What happens to the T/C ratio after intense training blocks?

During high-frequency or high-volume training blocks, testosterone levels often decline, while cortisol rises. As a result, the T/C ratio drops. This isn’t a failure – it’s the system responding to sustained stress and energy demand.

A short-term dip in the T/C ratio is a normal feature of hard training. It can even be desirable if followed by proper recovery. But when that ratio remains suppressed for an extended period, it signals that the body is struggling to restore balance. Research suggests that a decrease of over 30%, especially when sustained for multiple weeks, is associated with functional overreaching and an increased risk of overtraining syndrome.

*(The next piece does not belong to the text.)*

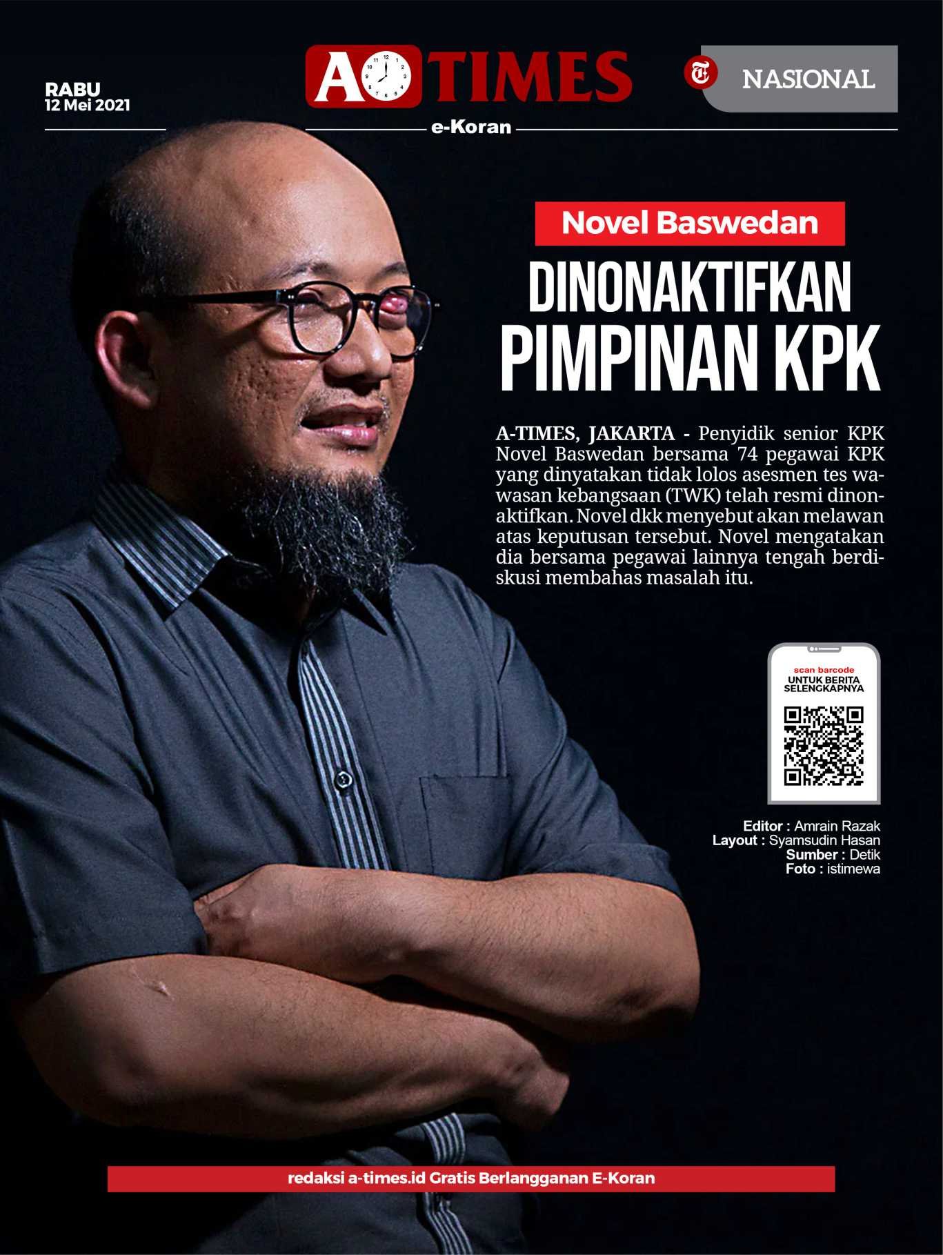 A-TIMES.ID, JAKARTA – Penyidik senior KPK Novel Baswedan bersama 74 pegawai KPK yang dinyatakan tidak lolos asesmen tes wawasan kebangsaan (TWK) telah resmi dinonaktifkan.

Monitoring the T/C ratio across a season offers insight that subjective markers alone often miss. In team sports, it can inform whether players are responding well to intensified training phases or if recovery protocols need to be adjusted. In endurance athletes, it can help differentiate fatigue that will lead to adaptation from fatigue that is drifting toward stagnation or injury risk.

One of the core advantages of hormonal tracking is that it connects performance strategy to the internal physiological response – not just the external workload. Instead of guessing based on soreness, mood, or metrics like heart rate variability, the T/C ratio reveals how the endocrine system is managing the demands placed on it. It's not a diagnostic tool. It's a feedback signal, that can help ensure adaptation is being achieved, not just pursued.